You must enter a valid filename for the file containing your metadata.


Please enter the name of the file you have uploaded containing the cleaned metadata:  DRI_Metadata Template.xlsx


Successfully found the input file "DRI_Metadata Template.xlsx"
You must enter a valid folder name for the output folder, make sure you have created the folder first.


Please enter the name of the output folder:  out


Successfully found the output folder "out"
If no errors are displayed here, you may now progress to execute the next code step.
You may run the proceeding code steps as many times as you want without having to re-run this Initialisation step.
You only need to re-run the Initialisation step if you got an error here, or if you want to change the input file or output folder


## Check and Clean the Metadata
The following cell will perform some checks on your metadata to make sure that it can be converted to Dublin Core XML files.

1. First it will discard any empty columns, necessary as there will likely be columns in the metadata template that are not relevant for your data. We don't want to include these as empty Dublin Core elements in our xml files.

2. Next it will check that all of the column headers match a valid Dublin Core element. You may have added additional columns to handle multiple values, e.g. for multiple Subjects you may have dc:Subject, dc:Subject2, dc:Subject3, etc. The Notebook will ask you to clarify the metadata mapping for any columns where this is unclear.

In [None]:
# Read in the metadata file
df = pd.read_excel(filename, 1)

# drop any unused columns
df = df.dropna(axis=1, how='all')

drop_fields = []
mappings = {}

marcrel_pattern = re.compile('^marcrel:.*', re.IGNORECASE)

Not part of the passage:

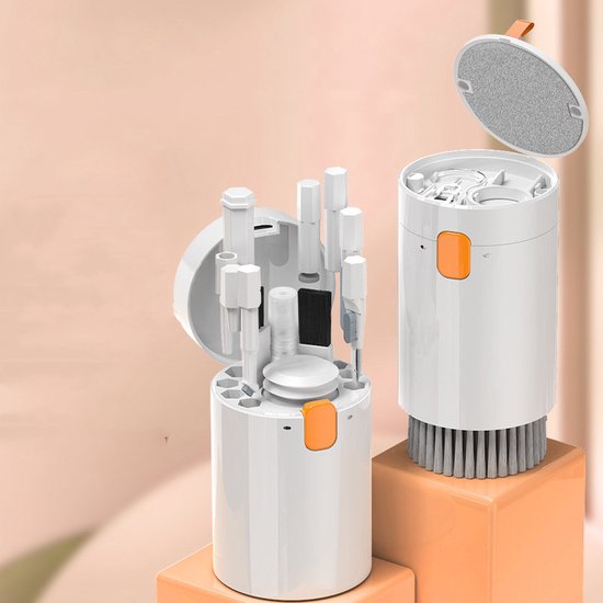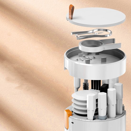 Ontdek de ultieme oplossing voor al uw schoonmaakbehoeften met onze veelzijdige 20-in-1 reinigingsset. Deze set, ontworpen in een elegante witte kleur met een opvallende oranje knop, combineert functionaliteit met een stijlvol design. Perfect voor het reinigen van elektronische apparaten, toetsenborden, camera’s en meer, deze set biedt alles wat u nodig heeft in een compacte opbergdoos.

lookup_manager = CaseInsensitiveLookupManager()
lookup_manager.register("dc", dc_fields)
lookup_manager.register("marcrel", marcrel_fields)

for field in df.columns:
    field_cf = field.casefold()

    if field_cf == "filename":
        continue

    if marcrel_pattern.match(field):
        ns, code = field.split(":")
        _, match = lookup_manager.find_in(["marcrel"], code)
        if not match:
            print(f'Field "{field}" is not a valid MARC Relator code.')
            tmp = input(
                f'Please specify the field (in the format marcrel:xxx) for mapping. '
                f'Hit enter to ignore this column: '
            )
            if tmp == "":
                print(f'Dropping column {field}')
                drop_fields.append(field)
            else:
                mappings[field] = tmp
        else:
            mappings[field] = "marcrel:"+match

    else:
        _, match = lookup_manager.find_in(["dc"], field)
        if not match:
            print(f'Field "{field}" is not a valid Dublin Core field.')
            tmp = input(
                f'Please specify the dc field (in the format dc:xxxxxx or dcterms:xxxxxx) for mapping. '
                f'Hit enter to ignore this column: '
            )
            if tmp == "":
                print(f'Dropping column {field}')
                drop_fields.append(field)
            else:
                mappings[field] = tmp
        else:
            mappings[field] = match

df = df.drop(drop_fields, axis=1)

Field "dc:Subject 2" is not a valid Dublin Core field.
Please specify the dc field (in the format dc:xxxxxx or dcterms:xxxxxx) for mapping. Hit enter to ignore this column: dc:subject
Field "dc:Subject 3" is not a valid Dublin Core field.
Please specify the dc field (in the format dc:xxxxxx or dcterms:xxxxxx) for mapping. Hit enter to ignore this column: dc:subject
Field "marcrel:***" is not a valid MARC Relator code.
Please specify the field (in the format marcrel:xxx) for mapping. Hit enter to ignore this column: 
Dropping column marcrel:***


## Process Metadata and create XML files
This next cell will iterate through all rows in your metadata spreadsheet, converting the cell values to xml and write these out to the output file which will be named for your Filename cell. A zip file metadata.zip, and a tar archive metadata.tar.gz, containing of your output folder will also be created. These can then be downloaded to your local machine and extracted, before ingesting into DRI or another Repository or application that supports Dublin Core metadata.


In [None]:
for index, row in df.iterrows():
  xmlfile = open(f'{outputdir}/{row["Filename"]}.xml', 'w')
  xmlfile.write(xml_header)
  for field in df.columns:
    if field == "Filename":
      continue
    elif pd.isna(row[field]):
      continue
    else:
      tmp = f'<{mappings[field]}>{row[field]}</{mappings[field]}>\n'
      xmlfile.write(tmp)
  xmlfile.write(xml_footer)
  xmlfile.close()

!zip -r metadata.zip $outputdir
!tar -czf metadata.tar.gz $outputdir


  adding: out// (stored 0%)
  adding: out//file2.xml (deflated 54%)
  adding: out//file1.xml (deflated 54%)